Sixteen days. Sixteen days between graduation and departing on my first adventure as a TEFL-certified teacher. Sixteen days to worry, to shed silent tears in stranger’s doorways fearing that at 27 years of age I will fail miserably in the face of the one career path that fills me with joy. Sixteen days to feel selfish in my concern about the next job when there are earthquakes and tsunamis and death happening elsewhere. Sixteen days to approach, with disheveled hair and genuine love, the stoops of dear friends housed in foreign countries and to explore, explore, explore, explode.
Sixteen days to dance under ceilings of lightbulbs, to watch independent film screenings and to stumble—filled with Guinness and laughter—through the streets of London.
Sixteen days to gaze, with happiness and loneliness, upon the faces of old friends, upon the faces new friends…
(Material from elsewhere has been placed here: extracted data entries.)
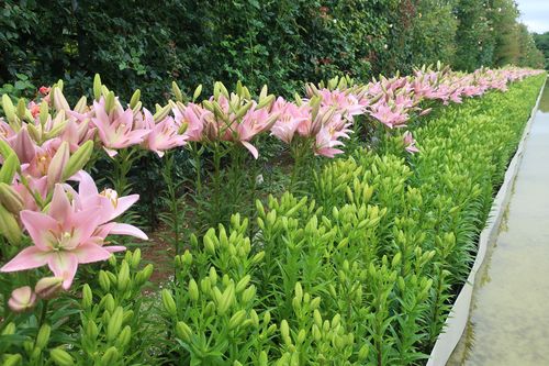 後ろから今咲いているピンク、白、ミックスの順で並んでいます。
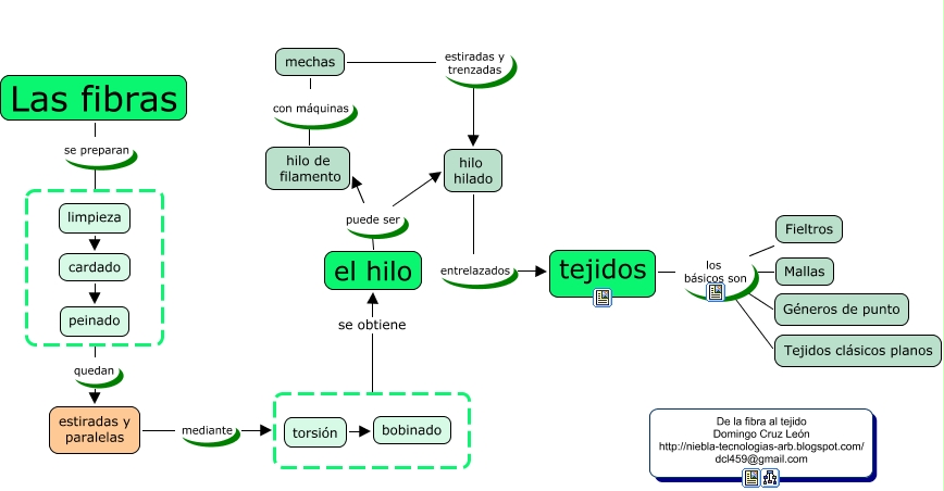 Este Cmap, tiene información relacionada con: ligamentos, tejidos los básicos son Géneros de punto, mechas estiradas y trenzadas hilo hilado, se obtiene el hilo, quedan estiradas y paralelas, tejidos los básicos son Mallas, tejidos los básicos son Tejidos clásicos planos, el hilo puede ser hilo hilado, tejidos los básicos son Fieltros, Las fibras se preparan, estiradas y paralelas mediante, el hilo puede ser hilo de filamento, cardado peinado, hilo de filamento con máquinas mechas, torsión bobinado, hilo hilado entrelazados tejidos, limpieza cardado
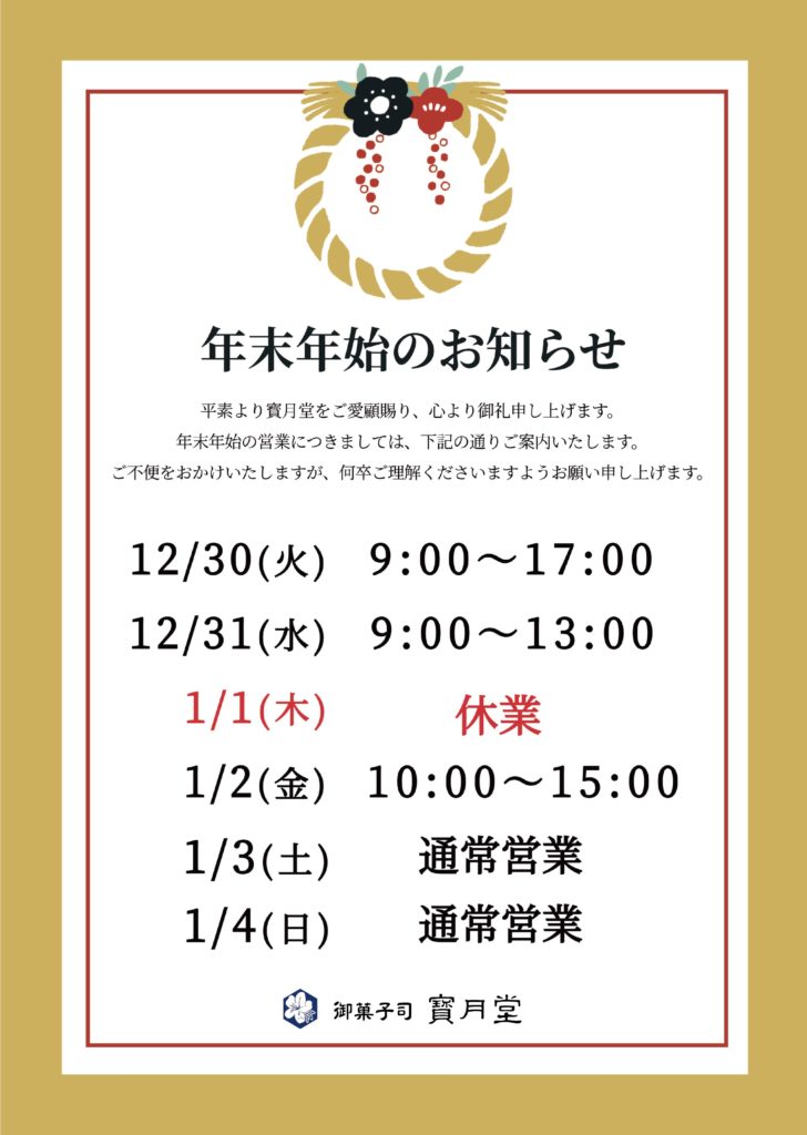 年末年始の本店の営業時間、および商品発送につきまして、下記の通りご案内いたします。
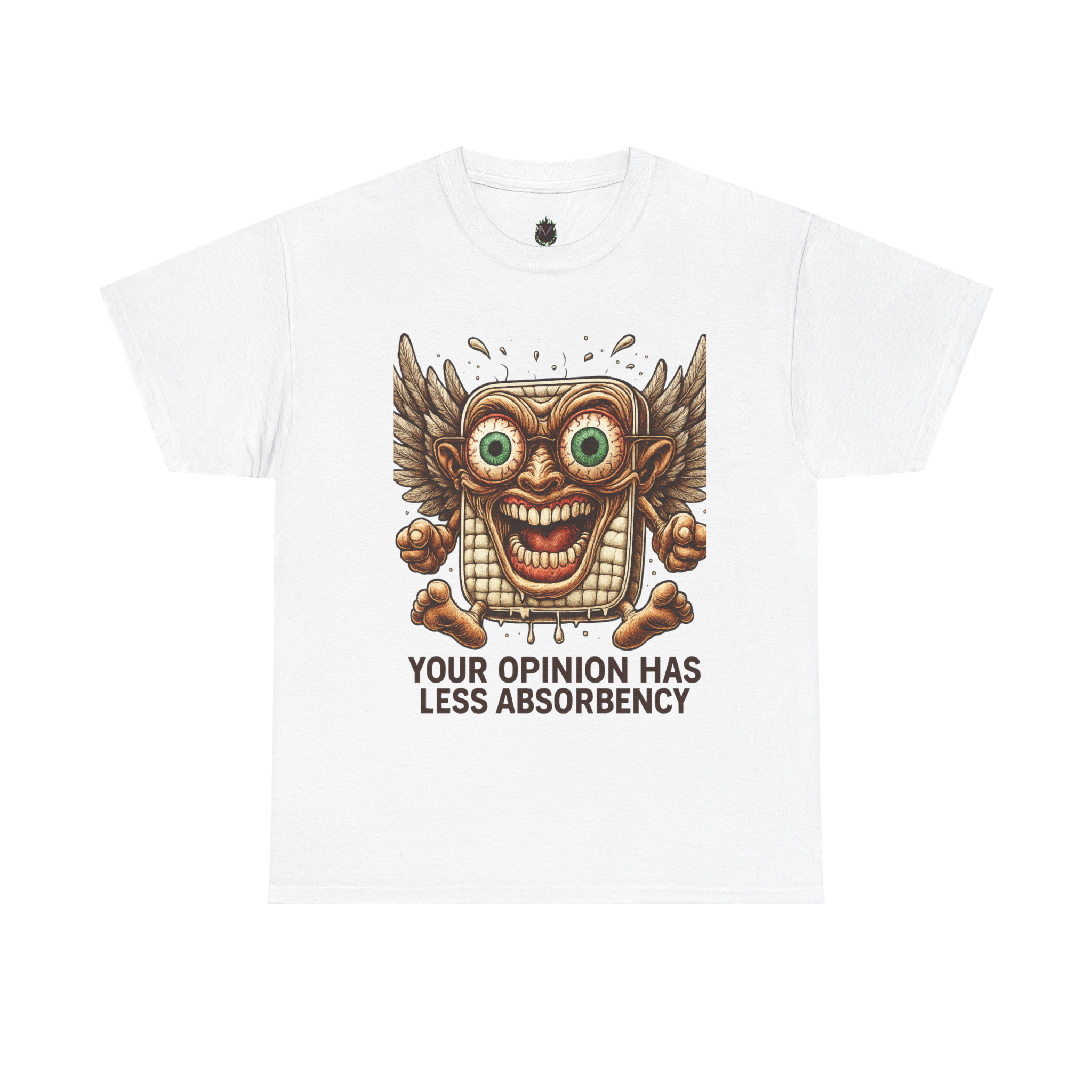 A wide-eyed, winged sanitary pad with the audacity to smile—and the sass to shut down weak opinions.
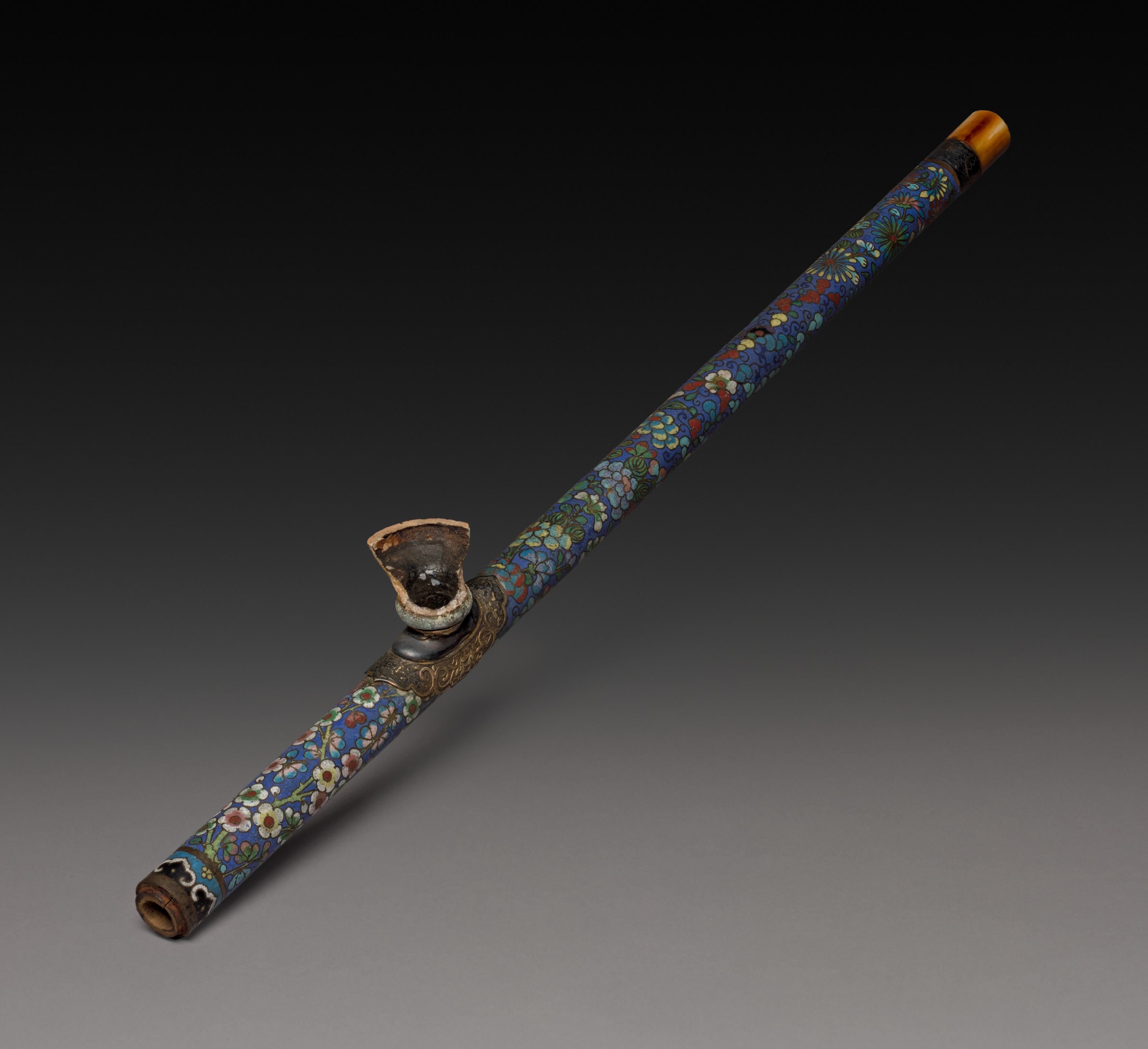 Long, thin, cylindrical object with floral pattern, titled "Opium Pipe" by artist. The object has a small bowl near the middle and a small opening at one end. The bowl is made of metal with a dark patina; it has a rounded shape with a wide mouth and a narrow base. The body of the object is covered in a mosaic pattern featuring small flowers and leaves in shades of blue, green, red, yellow, and white. The mosaic pattern extends to a gold-colored metal piece separating the bowl from the body. The end of the object has a gold cap. The background is a gradient from black at the top to gray at the bottom.
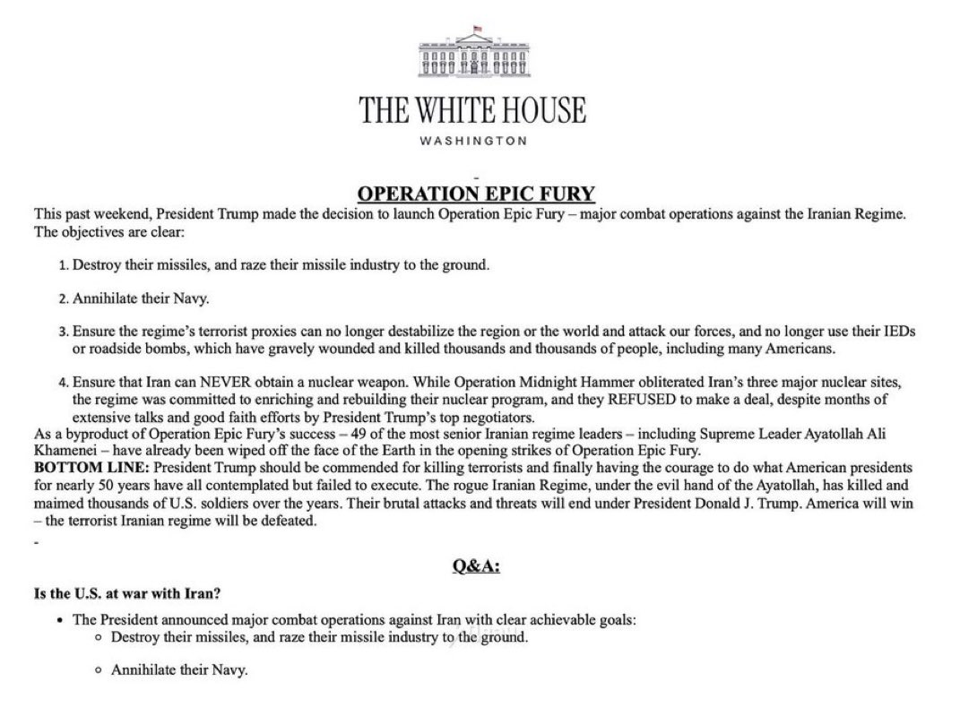 White House talking points for congressional Republicans say we're not at war, we're just in "major combat operations against Iran" lol
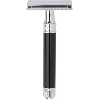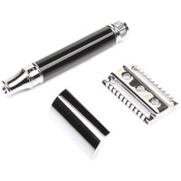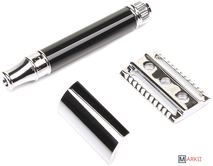 Элегантная традиционная бритва с ручкой, выполненной в черном цвете. Тип гребня — закрытый. Хромированные элементы придают особый шарм бритве. Станок состоит из трех частей. Каждая деталь бритвы идеально выполнена специалистами, чтобы сделать Ваш процесс бритья удовольствием. Устройство очень хорошо сбалансировано. Созданный вручную в Шеффилде, Англия. В комплект входит одно бесплатное лезвие Feather.
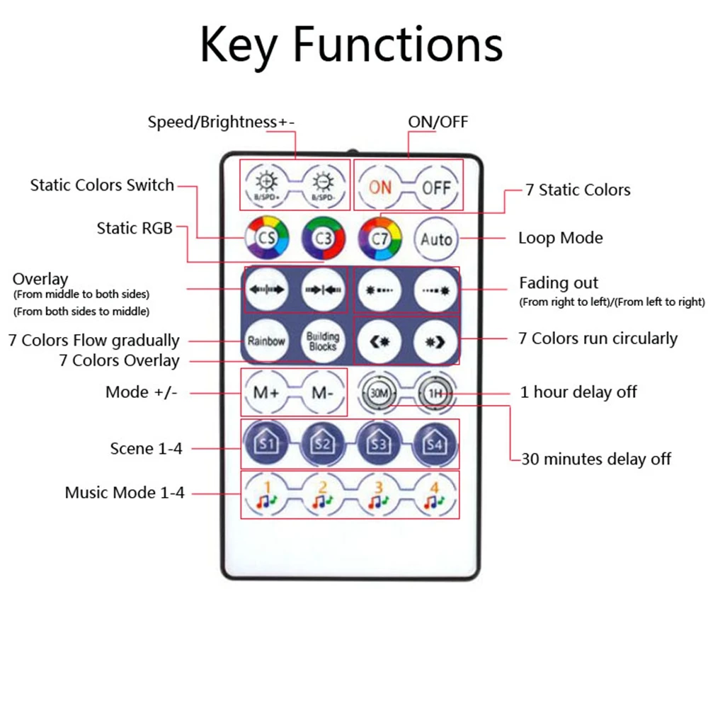 1. Мобильный телефон может использовать приложение для управления и регулировки цвета и яркости полосы светильник через smart bluetooth
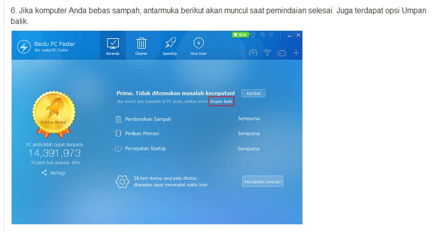 Judul Tugas Kali ini adalah "Pengalaman Fitur Pembersihan Beranda Baidu PC Faster"
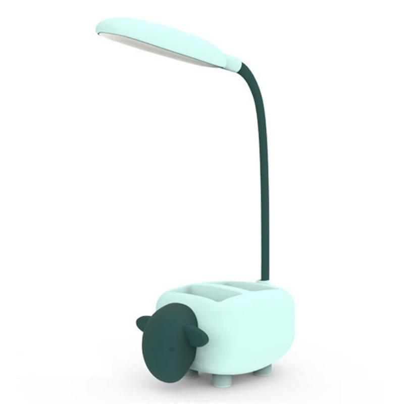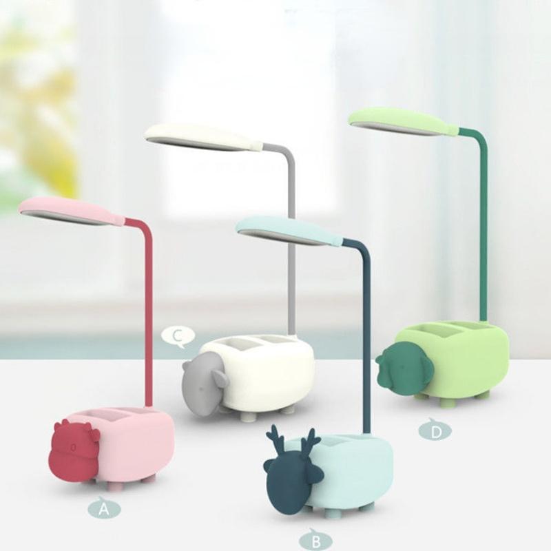 Маленькая настольная лампа для учебы, перезаряжаемая через USB, прикроватная лампа для чтения в общежитии с держателем для ручек, настольная лампа с рисунком
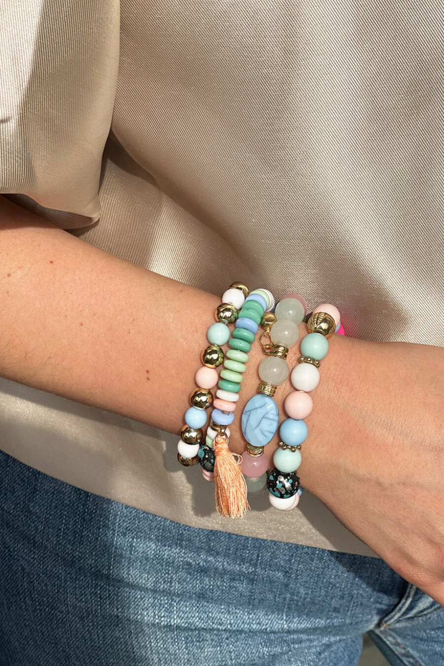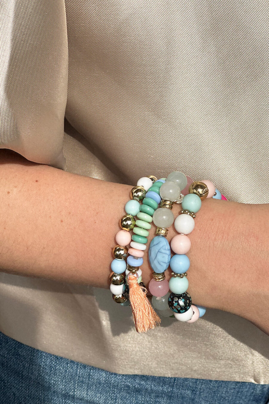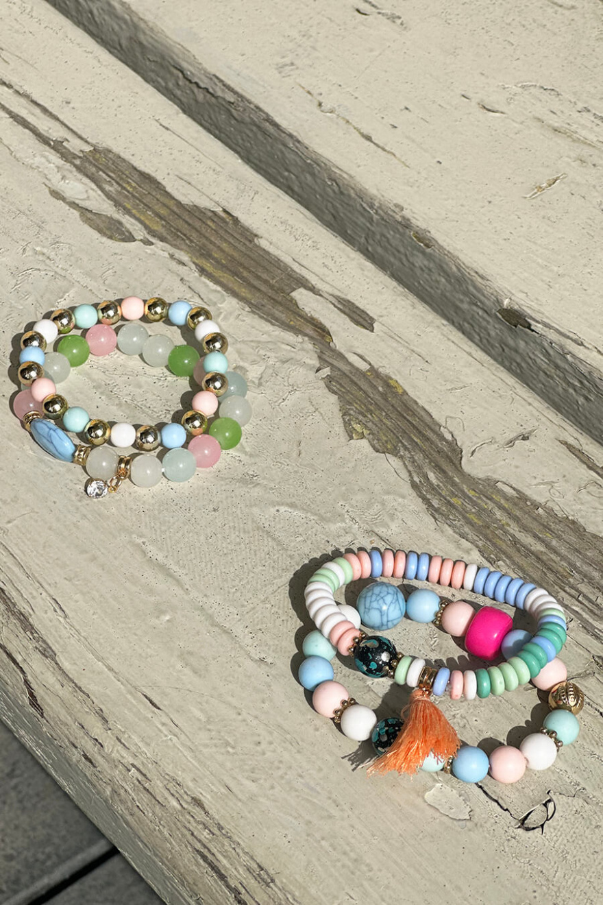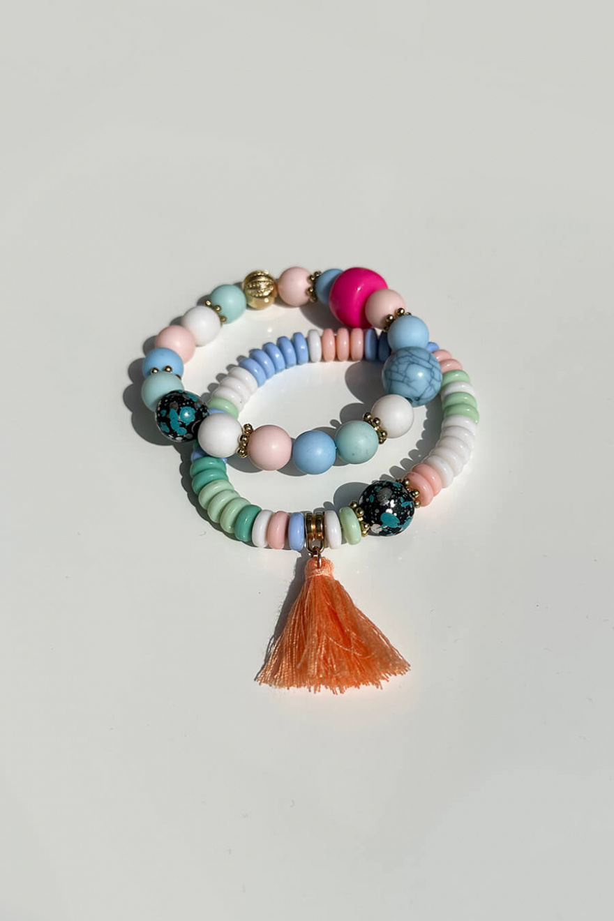 Sommarens armband är äntligen här! Från vårt egna märke har vi tagit fram fina elastiska pärlarmband i fantastiska färger som förgyller din sommaroutfit. Armbanden säljs i 2-pack och kan lätt kombineras med andra armband du redan har hemma i smyckesskrinet.- 100% Polyester
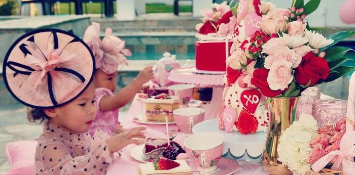Kezia memesan aneka kue cantik yang menjadi pelengkap teh dan cangkir mewah ala Inggris. Meski pesta kecil-kecilan, Kezia tampak mengatur perintilan pesta high tea ini dengan sangat totalitas. Ia juga memesan kue istimewa untuk si kecil. Kezia juga mengatur dekorasi untuk pesta valentine ini agar memiliki warna senada dengan busana mereka.
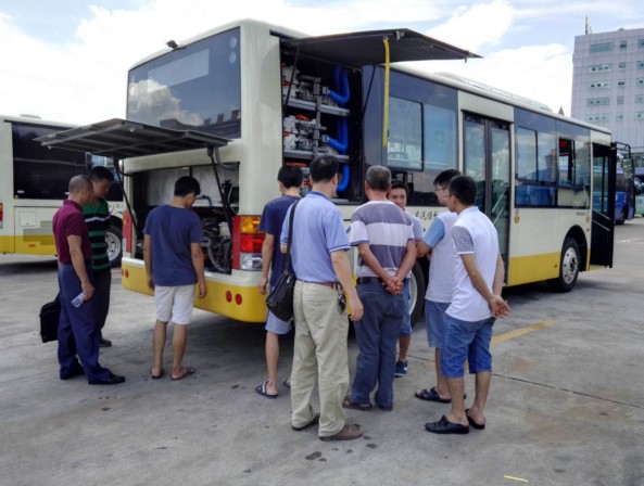 培訓當天,金旅客車廠工程師首先采用PPT詳細講解純電動車輛結構原理、車輛安全駕駛操作、日常維護保養及應急預案等課程,再通過基礎理論結合現場實操培訓,強化從業人員日常維護能力和操作水平。培訓學習結束后,為進一步鞏固成果,該站還組織了實操考試,64名參訓學員均順利通過考試。
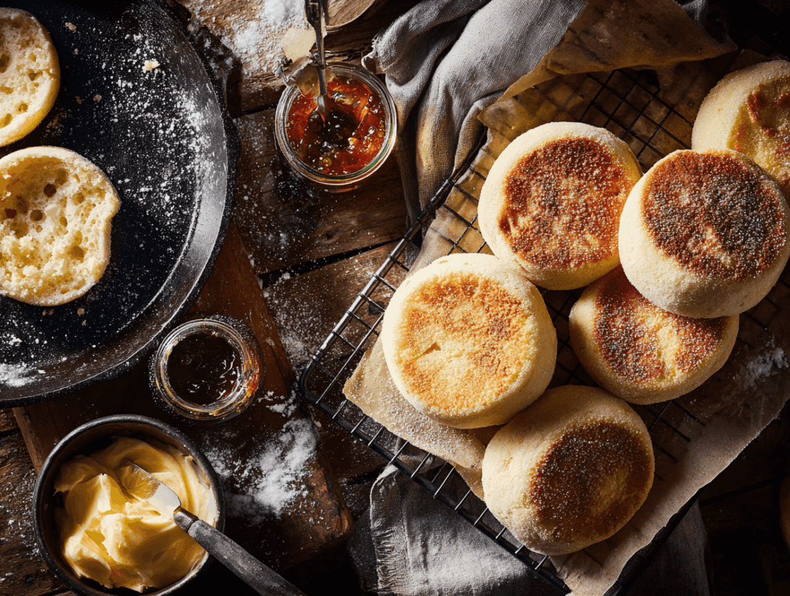 Cornmeal dusting on the muffins’ bottoms is not just for aesthetic or traditional reasons. It serves a practical purpose, preventing the muffins from sticking to the surface during cooking, while adding a slight crunch that plays perfectly against the pillowy interior. And that coveted nooks-and-crannies structure? It’s the result of a well-hydrated dough, careful handling, and proper cooking technique: slow griddling on a dry cast-iron skillet allows for even browning and finishing without drying out the inside.
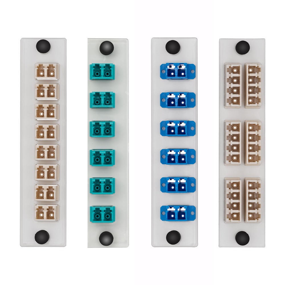 Leviton Fibre Adaptateur Plaques fournir un moyen à relier colonne vertébrale-à-colonne vertébrale ou colonne vertébrale-à-horizontal fibre câblage.

…upon the faces of only-see-you-every-once-in-a-while friends.
Sixteen days to reflect:
I am ducking down lowlit alleyways, finding intense joy in turning a corner to find a wall perfectly spray painted with ironic images, sitting solo in the dampness of misty mornings with my notebook and pen, wandering aimlessly across cobblestone paths. I am nervously thumbing the pages of phrase books wishing I knew how to ask directions and hoping the poor soul who has to decipher my broken words will greet me with a kind smile and not a scowl. I am experiencing the strange and frustrating feeling of people judging me based purely on my nationality and the extreme love of being lost in a sea of businesspeople dressed in crisp suits and cycling shoes. I am learning to accept the help I am offered and feeling like a burden at the same time. I am getting lost in my own predisposition to expect to much of myself in too little time, bumbling through hallways of modern art and falling in love with men gazing upon works by Mondrain and finding solace in Jack Kerouac.
Wednesday I embark on chapter two—32 days to do…well, I’ll keep you posted.